CSC108H Assignment 1

Due Date

Tuesday October 11, 10:00 pm


The purpose of this assignment is to give you practice writing your own Python code that uses variables, assignments, if-statements and functions in a fun problem domain: digital sound processing. To work locally, click here to download a complete zip archive of the assignment.


Sounds are waves of air pressure. When a sound is generated, a sound wave consisting of compressions (increases in pressure) and rarefactions (decreases in pressure) moves through the air. This is similar to what happens if you throw a stone into a pond: the water rises and falls in a repeating wave.

When a microphone records sound, it takes a measure of the air pressure and returns it as a value.
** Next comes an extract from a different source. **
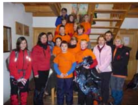
Mladinski odsek PD Kočevje že vrsto let pripravlja proslavo ob kulturnem prazniku

Mesec je naokoli in Mladinski odsek PD Kočevje se je zopet odpravil na potep. Mlajšim planincem je malce zagodlo vreme s sneženjem in nizkimi temperaturami, starejši pa smo se na slovenski praznik kulture, 8. februarja, že tradicionalno v čudovitem zimskem dnevu odpravili do Koče pri Jelenovem studencu, kjer smo pripravili manjšo slovesnost v spomin na največjega slovenskega pesnika.

These values are called samples and can be positive or negative corresponding to increases or decreases in air pressure. Each time the air pressure is recorded, we are sampling the sound. Each sample records the sound at an instant in time; the faster we sample, the more accurate is our representation of the sound. The sampling rate refers to how many times per second we sample the sound. Sampling rates of 11025 (bad quality; e.g. for VOIP conversations), 22050, and 44100 (CD quality) are common; the higher the sample rate, the better the sound quality.

For sounds recorded in mono, a sample is simply a positive or negative integer that represents the amount of compression in the air at the point the sample was taken. For sounds recorded in stereo (which we use in this assignment), a sample is actually made up of two integer values: one for the left speaker and one for the right.

The sound module (part of Pygraphics) contains functions for working with sound files. Using that module, you will first write a function to remove vocals from a music sound file (karaoke time!). Then, you'll write functions to add fade-in and fade-out to sounds, and pan a sound from left to right.

Some of the sound files in this assignment are modified versions of sounds from

Using the sound Module

When you install Pygraphics, you're actually installing two modules: media (for pictures) and sound (for sound). You can test that the sound module is working by typing import sound at the Python shell. If you receive an error, please make sure that you have installed Pygraphics.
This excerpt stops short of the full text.